#### What needs to be done
Write out nothing but the lines from the first line of the entries below through the line with "NMC C152AB OSHA"; no pictures go in.

#### Available records

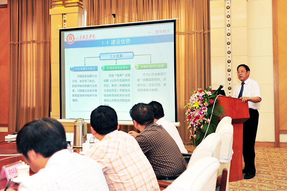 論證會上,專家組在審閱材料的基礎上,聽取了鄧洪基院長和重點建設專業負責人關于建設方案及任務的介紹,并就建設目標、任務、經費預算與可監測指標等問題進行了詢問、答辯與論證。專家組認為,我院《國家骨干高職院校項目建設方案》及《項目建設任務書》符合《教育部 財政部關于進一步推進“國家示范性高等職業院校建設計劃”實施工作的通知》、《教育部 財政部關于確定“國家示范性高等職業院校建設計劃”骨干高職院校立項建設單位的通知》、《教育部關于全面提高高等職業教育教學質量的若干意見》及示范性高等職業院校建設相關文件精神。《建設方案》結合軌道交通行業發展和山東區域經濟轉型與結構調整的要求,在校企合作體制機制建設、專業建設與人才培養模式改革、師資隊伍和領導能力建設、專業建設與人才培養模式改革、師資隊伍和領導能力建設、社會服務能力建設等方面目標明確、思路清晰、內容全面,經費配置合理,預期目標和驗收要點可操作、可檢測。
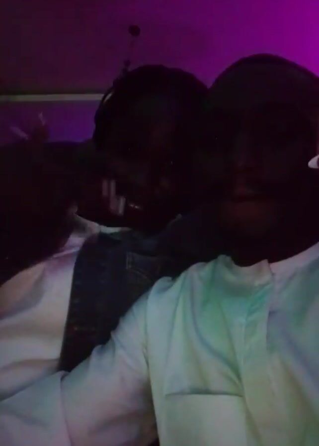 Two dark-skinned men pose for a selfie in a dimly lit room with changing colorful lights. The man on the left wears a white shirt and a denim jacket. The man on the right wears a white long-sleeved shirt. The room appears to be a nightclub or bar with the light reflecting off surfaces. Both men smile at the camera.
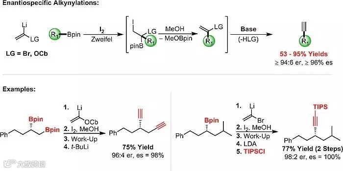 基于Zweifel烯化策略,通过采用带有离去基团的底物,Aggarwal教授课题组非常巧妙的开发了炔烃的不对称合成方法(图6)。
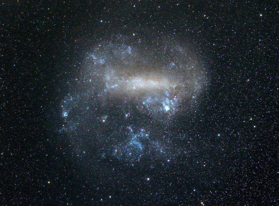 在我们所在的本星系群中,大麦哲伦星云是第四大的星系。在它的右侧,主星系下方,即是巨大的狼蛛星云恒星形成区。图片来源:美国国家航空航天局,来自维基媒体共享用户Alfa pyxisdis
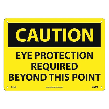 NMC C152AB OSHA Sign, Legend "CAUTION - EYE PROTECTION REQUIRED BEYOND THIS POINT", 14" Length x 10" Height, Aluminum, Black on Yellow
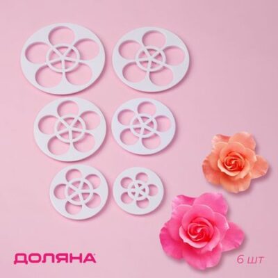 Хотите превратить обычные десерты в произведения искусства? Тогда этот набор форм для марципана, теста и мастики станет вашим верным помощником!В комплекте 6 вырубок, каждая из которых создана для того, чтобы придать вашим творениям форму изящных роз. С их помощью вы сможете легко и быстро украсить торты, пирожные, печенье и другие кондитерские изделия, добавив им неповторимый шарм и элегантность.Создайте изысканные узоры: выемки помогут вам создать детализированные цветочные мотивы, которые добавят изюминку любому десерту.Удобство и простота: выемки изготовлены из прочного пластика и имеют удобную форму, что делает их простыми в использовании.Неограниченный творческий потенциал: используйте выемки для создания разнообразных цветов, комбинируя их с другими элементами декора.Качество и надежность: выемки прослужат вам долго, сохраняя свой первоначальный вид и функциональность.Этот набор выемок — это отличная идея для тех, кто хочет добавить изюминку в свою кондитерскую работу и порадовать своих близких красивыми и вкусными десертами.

#### Solved problem
 論證會上,專家組在審閱材料的基礎上,聽取了鄧洪基院長和重點建設專業負責人關于建設方案及任務的介紹,并就建設目標、任務、經費預算與可監測指標等問題進行了詢問、答辯與論證。專家組認為,我院《國家骨干高職院校項目建設方案》及《項目建設任務書》符合《教育部 財政部關于進一步推進“國家示范性高等職業院校建設計劃”實施工作的通知》、《教育部 財政部關于確定“國家示范性高等職業院校建設計劃”骨干高職院校立項建設單位的通知》、《教育部關于全面提高高等職業教育教學質量的若干意見》及示范性高等職業院校建設相關文件精神。《建設方案》結合軌道交通行業發展和山東區域經濟轉型與結構調整的要求,在校企合作體制機制建設、專業建設與人才培養模式改革、師資隊伍和領導能力建設、專業建設與人才培養模式改革、師資隊伍和領導能力建設、社會服務能力建設等方面目標明確、思路清晰、內容全面,經費配置合理,預期目標和驗收要點可操作、可檢測。
 Two dark-skinned men pose for a selfie in a dimly lit room with changing colorful lights. The man on the left wears a white shirt and a denim jacket. The man on the right wears a white long-sleeved shirt. The room appears to be a nightclub or bar with the light reflecting off surfaces. Both men smile at the camera.
 基于Zweifel烯化策略,通过采用带有离去基团的底物,Aggarwal教授课题组非常巧妙的开发了炔烃的不对称合成方法(图6)。
 在我们所在的本星系群中,大麦哲伦星云是第四大的星系。在它的右侧,主星系下方,即是巨大的狼蛛星云恒星形成区。图片来源:美国国家航空航天局,来自维基媒体共享用户Alfa pyxisdis
 NMC C152AB OSHA Sign, Legend "CAUTION - EYE PROTECTION REQUIRED BEYOND THIS POINT", 14" Length x 10" Height, Aluminum, Black on Yellow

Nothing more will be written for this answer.